Отец умер летом. Мама переселила больного на верхний этаж, в комнату напротив моей, чтобы не попадался на глаза жильцам. Он встречался мне, когда выставлял чайный поднос за дверь или шаркал в тапочках по коридору к уборной, и я избегал его взгляда, взгляда святого мученика, точно как у скорбного Спасителя с пронзенным сердцем на сверкающей серебром и ярко-розовым цветом картине, что за вешалкой для шляп в холле. Я вижу отца мертвенно-бледного, выпадающего из одежды, с неизменной — как сейчас у меня — трехдневной щетиной, он неслышной тенью бродит по комнатам, суровым в летней неподвижности, его сгорбленная фигура вспыхивает и гаснет, переходя из света в тень, удаляется беззвучными шагами, не оставив ни следа, лишь слабое мерцание, отпечаток в воздухе и вопросительный знак сигаретного дыма.
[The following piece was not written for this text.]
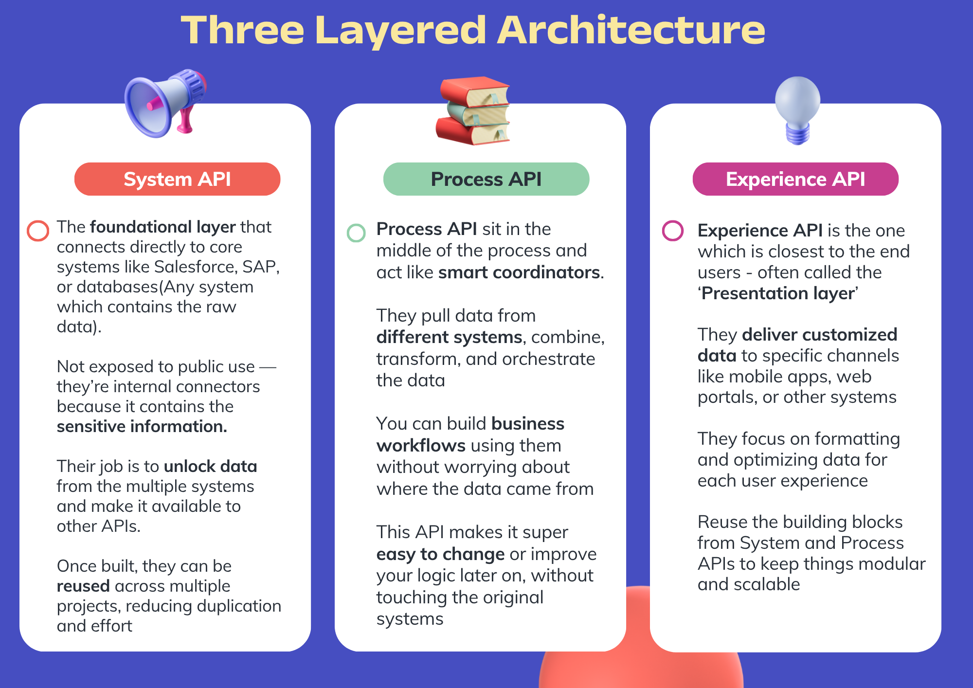 This gap in previous integration approaches gave rise to API-led connectivity—a structured approach discovered by MuleSoft that organizes all the APIs into three distinct layers: System APIs unlock data from core systems, Process APIs orchestrate and transform that data, while Experience APIs deliver data in a channel-specific way. Unlike the old days of ESBs or scattered APIs, this layered model encourages reusability, speed, agility, and governance, and allows organizations to build application networks where APIs act as reusable building blocks.

День его смерти я запомнил еще, как день, когда мама ударила меня по лицу. Когда она повернулась от плиты, я решил, будто она быстро протянула мне что-то. До сих пор чувствую жгучий хлесткий шлепок по щеке. До этого она ни разу меня не била. И сейчас ударила совсем не по-родительски, а словно разозлилась на равного себе. Не помню, что такого я сказал или сделал. Сразу после удара у мамы был чуть ли не торжествующий вид. Она откинула голову, раздула ноздри, словно мачеха Белоснежки, и что-то сверкнуло в ее глазах, острое, быстрое, словно показали и тут же убрали лезвие ножа. Потом, не сказав ни слова, она повернулась к плите и продолжила что-то готовить. Я не заплакал, я был слишком потрясен; просто сел, положил ладонь на стол, лицо покалывало в том месте, куда пришелся удар, словно на кожу падали мелкие едкие капли. Клеенка была восхитительно прохладной, гладкой и влажной, как живая, почти что кожа. Потом спустился отец с полотенцем, обмотанным вокруг вытянутой небритой шеи. В провалах его лица прятались тени, на бледных щеках, словно нарисованные, выделялись лихорадочные багровые пятна. Мать вела себя так, будто ничего не произошло, но папа сморщил нос, почуяв ее гнев, и как-то странно, искоса глянул на меня, едва ли не лукаво, чуть улыбаясь. Ночью меня разбудил приглушенный шум. Я подошел к двери, выглянул и увидел, как мать в ночной рубахе спешит по коридору с голубой миской в руках; через открытую дверь комнаты отца доносились тонкие свистящие звуки — он боролся за каждый вдох, — и я поспешно захлопнул дверь, лег в постель, а когда проснулся, настало утро, и я понял, что отца уже нет.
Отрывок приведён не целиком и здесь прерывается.